The alpha (C- X- C) chemokine family includes CINC- 1, KC, MIP- 2, PBSF/SDF1, IL- 8,
GROalpha, GRObeta, GROgamma, ENA- 78, NAP- 2, GCP- 2, IP- 10, PF- 4, NAP- 4, MIG, betaTG,
CTAP and PBP. The beta (C- C) chemokine family includes C10, Eotaxin, HCC- 1, JE, MIP-
1alpha, MIP- 1beta, RANTES, MCP- 1, MCP- 2, MCP- 3, MCP- 4 and l- 309.

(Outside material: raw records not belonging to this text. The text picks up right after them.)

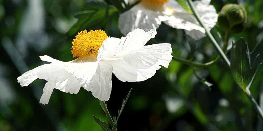 Les fleurs du Romneya coulteri ressemblent à de grandes fleurs de pavot blanches – ce qui lui vaut son surnom de Pavot en arbre. Elles atteignent entre 15 et 20 cm de diamètre et sont agréablement parfumées. Elles sont constituées de six pétales blancs très légers, à l’aspect froissé, entourant un centre d’étamines jaunes dorées. Le Romneya est une vivace géante, qui peut atteindre jusqu’à 1,50 m de hauteur ! Elle est un peu délicate à cultiver, et sera particulièrement à son aise dans la moitié sud de la France, notamment en région méditerranéenne. Au jardin elle a besoin d’un emplacement chaud et ensoleillé, et se plait en terrain drainant, plutôt sec, pauvre et caillouteux. Elle est rustique jusqu’à – 10 °C et redoute l’excès d’humidité.
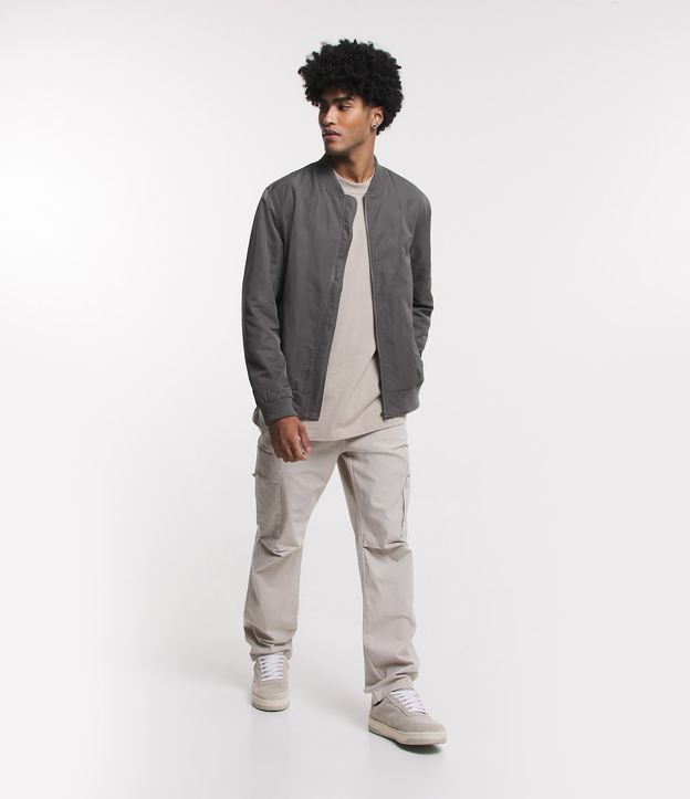 Calça Reta Loose em Sarja com Bolsos Cargo
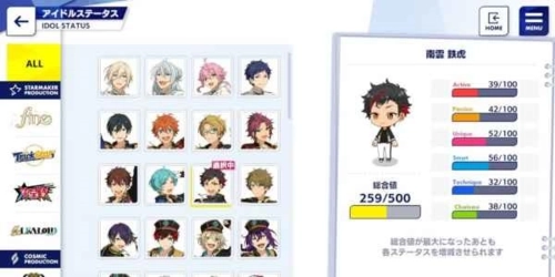 属性总共有六条,每条的上限是100点,不过每个小偶像最多能拥有500点属性值。当属性值达到500这个最大值时,我们可以选定两条属性值,让其中一条下降、另一条上升。之后每次打工要是随机抽到该偶像,就会把下降属性值中的一点转移到上升的属性值上。
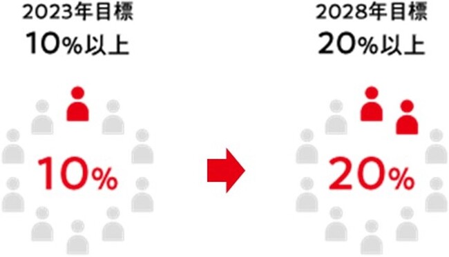 株式会社ロッテでは、多様な従業員が活躍することがイノベーション創出の原動力であり、企業競争力の源泉であると考え、DEIを推進しています。その一環として、日本全体の課題でもある女性活躍に取り組んでおり、2023年度までに国内の女性管理職比率を10%以上にすること、さらに2028年度までに20%以上にすることをESG中期目標に掲げています。2022年3月末時点の実績は9.9%(株式会社ロッテおよび国内子会社)でした。
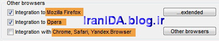 در همین مسیر به قسمت integration برید و در قسمت Other browsers متناسب با نوع مروگرهایی که در سیستم دارید، تیک گزینه ها را بزنید. بدین صورت رابط کاربری IDA، در کلیک راست این مرورگرها فعال می شود.
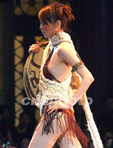 北京與香港合作的一家服飾公司年輕的設(shè)計總監(jiān)金光,新春展示他從中國古幣獲得靈感的鏤鑲時裝。作者:賈國榮
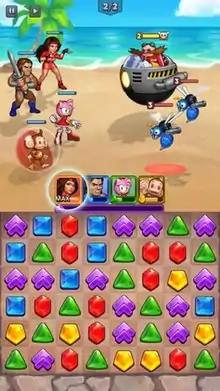 Sega Heroes was a match 3 game, where the player had to match three or more tiles or shapes of the same color to score points and defeat enemies on the field. There were five different colored tiles and four of them that could control a character's actions and abilities. The player had to select four characters of different colors (blue, green, red and yellow) in order to battle enemies in an event. Depending on the color of the character, the tiles that were matched determined if a character attacked an opponent. If the player matched three or more tiles of the same color together, it resulted in the hero of that color gaining energy and attacking an enemy of choice. The tiles came in four separate colors (for each color-type); red, green, yellow and blue, as well as purple for boost. Matching purple tiles together increased the multiplier, resulting in the selected heroes becoming stronger. Matching four tiles together created a star tile, while matching six tiles together created another type of Star tile that exploded a piece of the board and activated a different ability. The MAX ability triggered a character's special move.
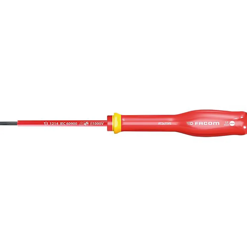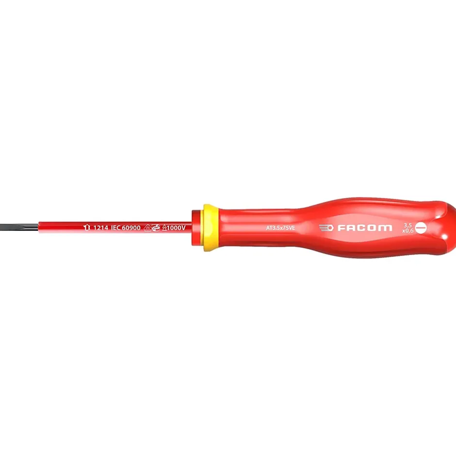 Découvrez le tournevis Protwist isolé de FACOM, idéal pour un travail en cas de tension.Ce produit a reçu le label Origine France Garantie, qui garantit qu’il est fabriqué en France, respecte des critères de qualité et de traçabilité, et contribue ainsi à soutenir l’économie locale.Caractéristiques :Traitement thermique en ligne : + 50% de durée de vie et + 100% de résistance.Matière du manche – Soft Grip : Pour plus de confort et toujours résistant aux produits chimiques.Traitement « tri-coating » de la lame (Zinc-Nickel-Chrome) : 4 fois plus de résistance à la corrosion.Confortable : Ergonomie optimisée du manche : + 10% de couple.Durable : Marquage laser pour une meilleur résistance à l’usure.Usinage des empreintes par commande numérique : Meilleure adaptation de la vis en augmentant le transfert de couple et en réduisant l’usureSécure : Pour votre sécurité, chaque tournevis est testé individuellement à 10000 Volts pendant 10 secondes VDE approuvé, en fin de cycle de fabrication.Spécifications :Taille : 3,5 x 75 mmLame fraisée : 5,5 mm incluseLame de filet : 6,5 > 12 mmLabel Origine France Garantie

"MIP-2/ MIP2", protein/polypeptide, chemokine, "chemotactic cytokine", alpha-chemokine
Although ingestion is not thought to produce harmful effects, the material may still be damaging to the health of the individual following ingestion, especially where pre- existing organ (e.g. liver, kidney) damage is evident. Present definitions of harmful or toxic substances are generally based on doses producing mortality (death) rather than those producing morbidity (disease, ill-health). Gastrointestinal tract discomfort may produce nausea and vomiting. In an occupational setting however, ingestion of insignificant quantities is not thought to be cause for concern.

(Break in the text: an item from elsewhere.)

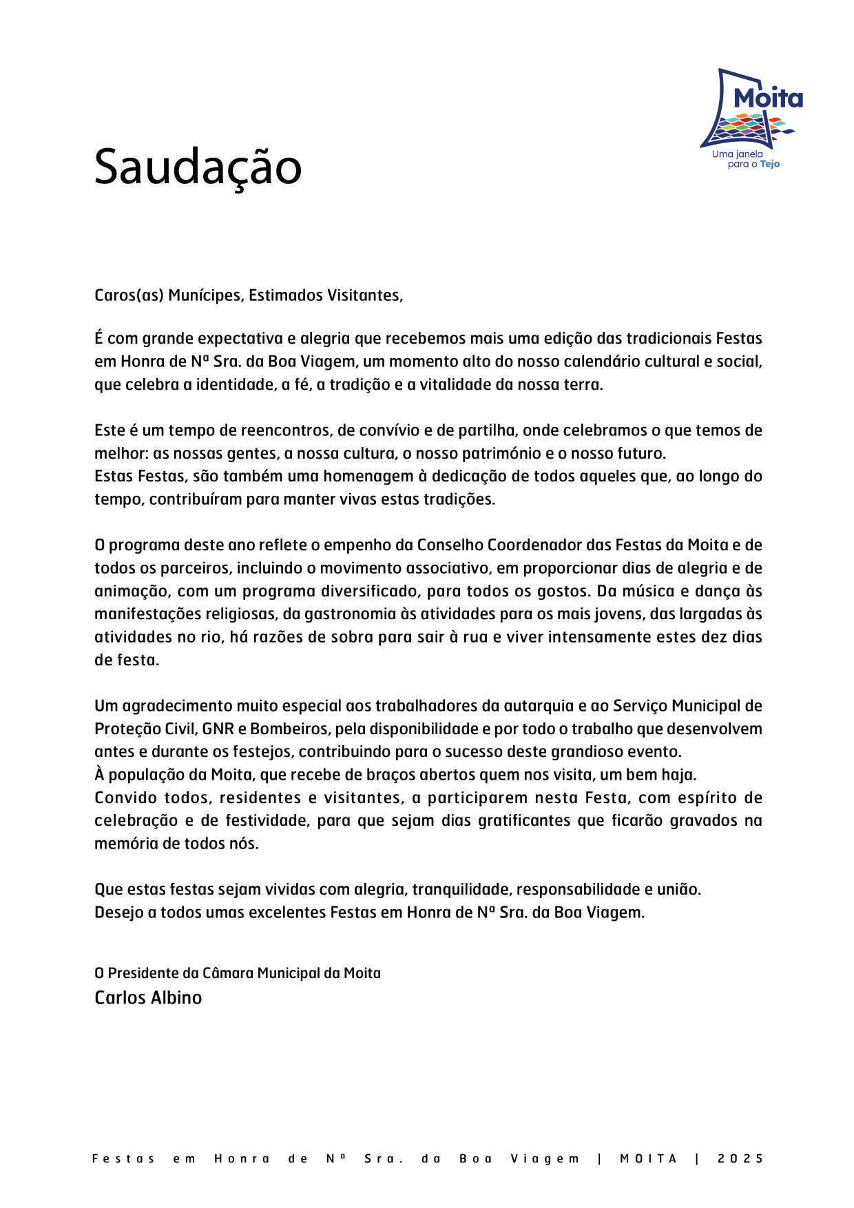 O momento mais aguardado chegou. Foi apresentado no dia 30 de agosto o programa oficial das Festas em Honra de Nossa Senhora da Boa Viagem 2025.
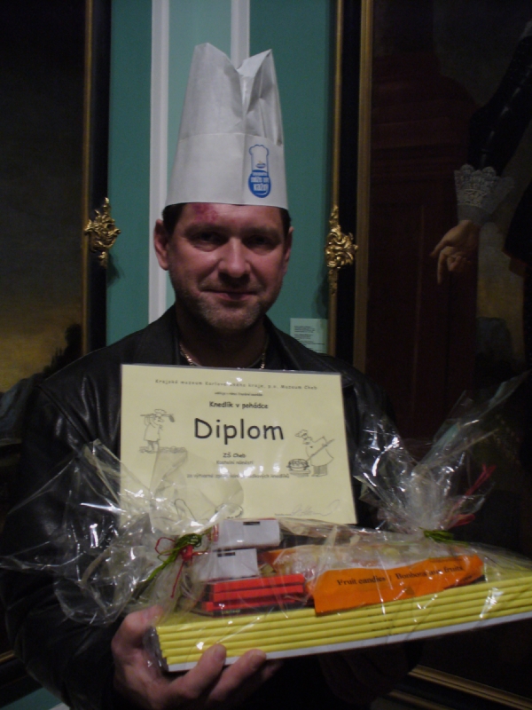 Žáci IX.ročníku a dívky z V.D vyrobili s pomocí učitelů krásné knedlíky, za které vyhráli mimořádnou cenu. Výhru převzal třídní učitel IX.ročníku v krásné „Obrazárně“ chebského muzea.

Although the material is not thought to be an irritant, direct contact with the eye may produce transient discomfort characterized by tearing or conjunctival redness (as with windburn). The dust may produce eye discomfort causing smarting, pain and redness.
The material is not thought to produce adverse health effects or skin irritation following contact (as classified using animal models). Nevertheless, good hygiene practice requires that exposure be kept to a minimum and that suitable gloves be used in an occupational setting.
The material is not thought to produce adverse health effects or irritation of the respiratory tract (as classified using animal models). Nevertheless, good hygiene practice requires that exposure be kept to a minimum and that suitable control measures be used in an occupational setting. Respiratory sensitization may result in allergic/asthma like responses; from coughing and minor breathing difficulties to bronchitis with wheezing, gasping.
There is some evidence that inhaling this product is more likely to cause a sensitization reaction in some persons compared to the general population.
Principal routes of exposure are usually by inhalation of generated dust and skin contact. Exposure to small quantities may induce hypersensitivity reactions characterized by acute bronchospasm, hives (urticaria), deep dermal wheals (angioneurotic edema), running nose (rhinitis) and blurred vision . Anaphylactic shock and skin rash (non-thrombocytopenic purpura) may occur. An individual may be predisposed to such anti-body mediated reaction if other chemical agents have caused prior sensitization (cross-sensitivity). Dusts produced by proteins can sometimes sensitize workers like other foreign bodies. Symptoms include asthma appearing soon after exposure, with wheezing, narrowing of the airways and breathing difficulties. There may also be a chronic cough, phlegm, fever, muscle pains, fatigue and airway obstruction; chest X-rays may show a characteristic net- like pattern or scarring at the tip and base. There may also be chest discomfort, headache, stomachache and a general feeling of unwellness. Often the clinical picture is similar to "farmer's lung" and other allergic lung inflammations. Prolonged contact with the skin can cause pain, redness, inflammation and ulceration. Repeated attacks can cause loss of lung function due to scarring.